Company D manufactures radar detection systems. It is planning to open a new manufacturing plant overseas. The project will take five years. It had purchased a land overseas at $4,500,000 for dumping chemical waste. However, the company found an alternative to dispose of waste and the land remained unused.

The current after-tax valuation of the land is $5,000,000. It would be worth $5,300,000 in five years. The company wants to implement the project on this unused land. The cost of plant and equipment would be $15,000,000. The current market data for Company D is as follows:

• Debt: Company D has bonds with a face value of $1,000 and a coupon rate of 6.2 percent. There are 40,000 outstanding bonds. The bonds will mature in 25 years, and they make semiannual coupon payments. The bond currently sells at 95 percent of the face value.
• Common equity: The common equity of Company D has 825,000 shares outstanding. The current selling price of the share is $97. The stock has a beta of 1.15. The risk-free rate is 3.8 percent, and the market risk premium is 7 percent.
• Preferred stock: Company D has 45,000 outstanding preferred shares. The dividend is 5.8 percent, and the current market value is $95 per share. Assume that the face value of the share is $100.

The tax rate applicable to Company D is 34 percent. The project needs an initial net working capital of $825,000 to begin the operations.

Explanation:

Compute the initial cash outflow:

The initial cash flow includes the cost of the land, plant, and equipment, and the initial net working capital. The land currently values at $5,000,000. The cost of buying plant and equipment is $15,000,000. The initial working capital required is $825,000. Hence, the initial cash outflow at Time 0 is $20,825,000 $\left(\$5,000,000+\$15,000,000+\$825,000\right)$

b)

Summary Introduction

To determine: The discount rate

Introduction:

Project evaluation refers to the process of evaluating the project for its feasibility and economic viability.

Answer to Problem 25QP

The discount rate is 11.31 percent.

Explanation of Solution

The company can use the weighted average cost of capital as its discount rate if the new project’s risk is similar to the company’s risk.

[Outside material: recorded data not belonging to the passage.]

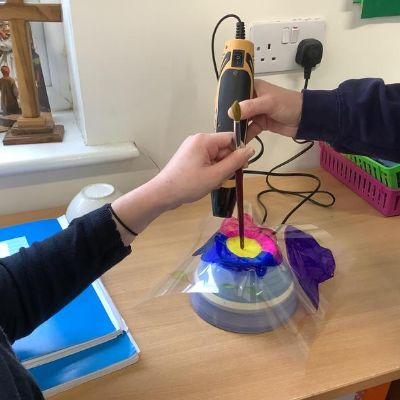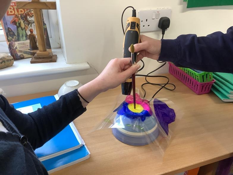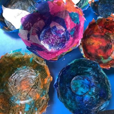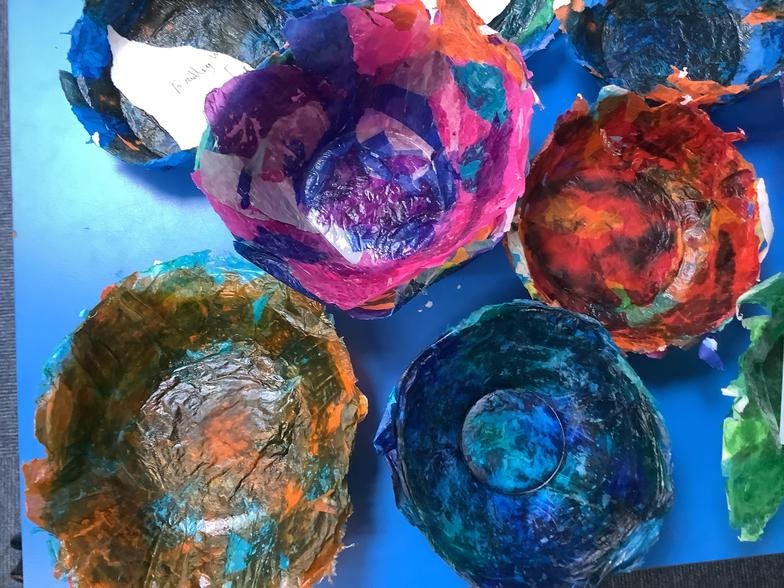 Dale Chihuly is an American glass sculpture. The children have created 3d pieces of art inspired by Dale Chihuly’s glass work. They used papier-mâché with tissue paper and pva glue. A selection of bowls were used for armatures. They used coffee filters and water based markers and acetate sheets moulded using a hot air gun. The results were fabulous.
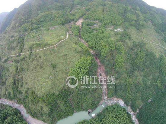 從直升飛機上看到,泥石流已經(jīng)淤塞了河道
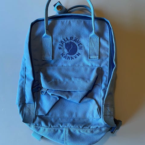 Fjällräven mini Kånken ryggsekk i stoff for unisex bruk. Klassisk modell med bærehåndtak på toppen og justerbare skulderstropper. Sekken har hovedrom med glidelås, frontlomme med glidelås og sidelommer og egen lomme på innsiden med sitteunderlag.
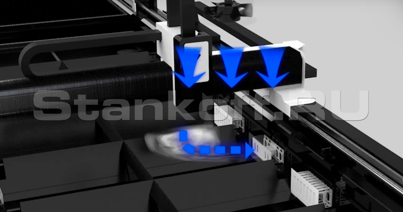 Зональная система дымоудаления обеспечивается секционной конструкцией раскройного стола и встроенными вентиляционными каналами. В каждой секции расположены вытяжные отверстия с пневматическими клапанами, воронки для сбора шлака и выдвижные поддоны для удаления отходов. Пневмоклапаны автоматически открываются только в той секции стола, где в данный момент находится режущая голова, остальные клапаны в это время остаются закрытыми. Отходы, образовавшиеся в процессе резки, проваливаются между ламелями стола в воронки и оседают в выдвижных поддонах для сбора шлака.Гофрозащита и кабельные цепи

It is given that the project is riskier than the firm is. The company adds 2 percent to its weighted average cost of capital to match the riskiness of the project. Therefore, the discount rate for the project would we equal to the sum of the weighted average cost of capital and the adjustment factor of 2 percent.

The formula to calculate the market value of debt:

$\text{Market value of debt}=\text{Face value of the debt}\times \text{Price quote}$

The formula to calculate the market value of equity:

$\text{Market value of equity }(E)=\text{Outstanding equity shares}\times \text{Market value per share}$

The formula to calculate the market value of preferred stock:

$\begin{array}{l}\text{Market value of}\\ \text{preferred shares }(P)\end{array}\}=\text{Outstanding preferred shares}\times \text{Market value per share}$

The formula to calculate the total market value of the capital structure:

$\text{Total market value }(V)=\left(\begin{array}{l}\text{Market value}\\ \text{of equity }(E)\end{array}\right)+\left(\begin{array}{l}\text{Market value of}\\ \text{preferred stock }(P)\end{array}\right)+\left(\begin{array}{l}\text{Market value}\\ \text{of debt }(D)\end{array}\right)$

The formula to calculate the cost of equity using the Security market line (SML) approach:

$R_E=R_f+\left[R_M-R_f\right]\times {\beta }_E$

“R_E” refers to the expected return on equity or the cost of equity

“R_f” refers to the risk-free rate

“R_M” refers to the expected return on the market portfolio

“β_E” refers to the beta or risk of the equity

The formula to calculate the cost of preferred stock:

$R_P=\frac{D}{P_0}$

Where,

“R_P” refers to the return on preferred stock or cost of preferred stock

“D” refers to the dividend earned on the preferred stock

“P₀” refers to the current price of preference stock

The formula to calculate annual coupon payment:

$\text{Annual coupon payment}=\text{Face value of the bond}\times \text{Coupon rate}$

The formula to calculate the current price or the market value of the debt:

$\text{Current price}=\text{Face value of the debt}\times \text{Last price percentage}$

The formula to calculate the yield to maturity:

$\text{Bond value}=C\times \frac{\left[1-\frac{1}{{\left(1+r\right)}^t}\right]}{r}+\frac{F}{{\left(1+r\right)}^t}$

Where,

“C” refers to the coupon paid per period

“F” refers to the face value paid at maturity

“r” refers to the yield to maturity

“t” refers to the periods to maturity

The formula to calculate the after-tax cost of debt:

$\text{After-tax}\text{}{R}_D=R_D\times (1-T_C)$

Where,

“R_D” refers to the cost of debt

“T_C” refers to the corporate tax rate

The formula to calculate the weighted average cost of capital:

$WACC=\left(\frac{E}{V}\right)\times R_E+\left(\frac{P}{V}\right)\times R_P+\left[\left(\frac{D}{V}\right)\times R_D\times \left(1-T_C\right)\right]$

Where,

“WACC” refers to the weighted average cost of capital

“R_E” refers to the return on equity or cost of equity

“R_D” refers to the return on debt or cost of debt

“R_P” refers to the return on debt or cost of preferred stock

“E” refers to the amount of common equity capital

“D” refers to the amount of debt

“P” refers to the amount of preferred stock

“V” refers to the total amount of capital

“T_C” refers to the corporate tax rate

Compute the market value of debt:

$\begin{array}{c}\text{Market value of debt}=\left(\begin{array}{l}\text{Face value}\\ \text{of one bond}\end{array}\right)\times \left(\begin{array}{l}\text{Number of}\\ \text{bonds}\end{array}\right)\times \text{Price quote}\\ =\$1,000\times 40,000\times \frac{95}{100}\\ =\$38,000,000\end{array}$

Hence, the market value of debt is $38,000,000.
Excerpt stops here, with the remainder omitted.